Изрядно шатаясь, Василий начинает путь в сторону дома. Притормаживает возле лежащего на земле человека. Мужчина вяло пытается пошевелиться, тихо мычит. Василий опускается рядом на корточки. Тормошит за плечо:

– Эй… братушка! Ты чего здесь?

Мужчина испускает слабый стон. Пытается приоткрыть набрякшие веки. От него пахнет спиртным.

– Ну ты чего, братан! – Василий продолжает тормошить. – Не дело это… Давай, вставай… Ты где живёшь?

Человек снова то ли мычит, то ли стонет. Несколько минут Василий упорно трясёт его за плечи. Потом, убедившись в тщетности попыток, принимается толкать под спину, стараясь перевести в сидячее положение.
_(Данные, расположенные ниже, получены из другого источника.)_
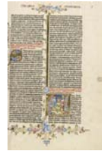
14. Circle of Stefan Lochner German, died 1451 Initial A: The Coronation of David , about 1450 from Bible Gold leaf, tempera, and black ink on parchment Leaf: 36.7 x 26 cm (14 7/16 x 10 1/4 in.) The J. Paul Getty Museum, Los Angeles Ms. Ludwig I 13, fol. 126 (83.MA.62.126)
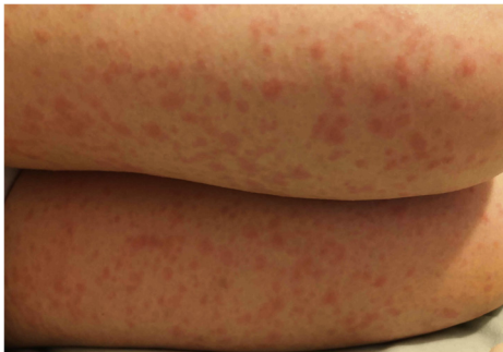
Fig 2. DRESS syndrome. Erythematous, edematous annular papules on bilateral thighs. DRESS , Drug reaction with eosinophilia and systemic symptoms.

In the interval, she again presented for rash persistence to the emergency department, where oral prednisone was increased to 60 mg/d. Physical examination found superficial desquamation of the face with significant improvement of edema. Diffuse morbilliform eruption to the trunk and new erythematous papules to forearms and thighs were noted. Steroid tapering over 4 to 6 weeks was initiated in addition to emollients and topical steroids.
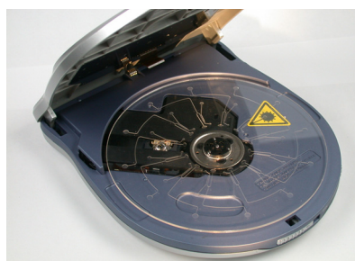
Bio-Disk placed on a player (concept)
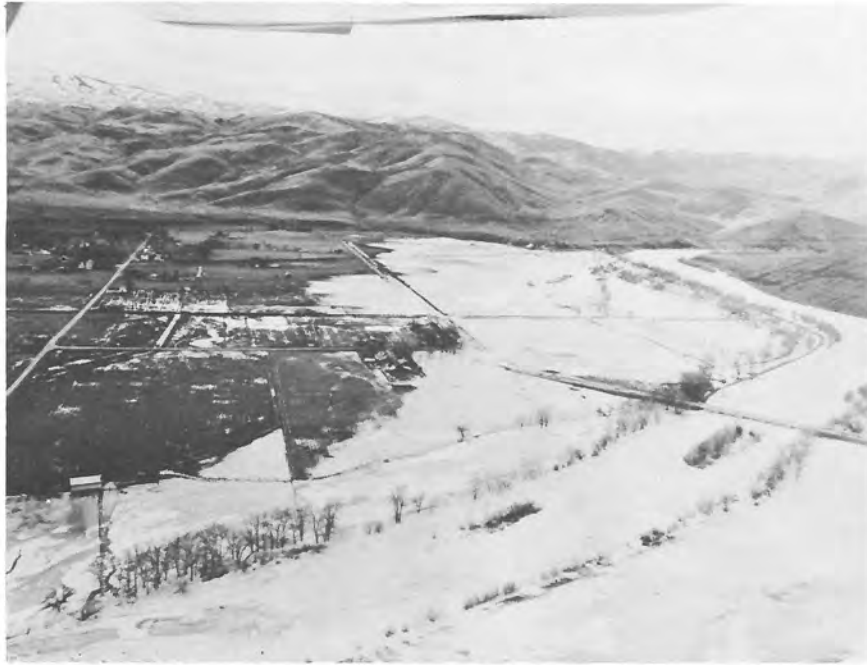
Aerial view of Montour, Idaho area flooding January 10, 1971. Photo P3-162-908NA

Мужчина, кажется, пребывает в полубессознательном состоянии. Проходящий мимо народ косится на них неодобрительно.

– Не гоже это – на земле лежать… Домой пошли, домой… Там спать ляжешь… – приговаривает Василий.

Мужчина крупнее его по комплекции, к тому же абсолютно не владеет собственным телом. Не удержав равновесия, Василий садится рядом с ним в грязь. Некоторое время глядит в землю. Затем встаёт на колени. Закидывает руку человека себе на шею, обхватывает его за спину и бок, подпирает собственным плечом, пытается встать. Каким-то чудом ему это удаётся.

Василий с трудом ковыляет по улице, волоча на себе незнакомца. К счастью, живёт он неподалёку.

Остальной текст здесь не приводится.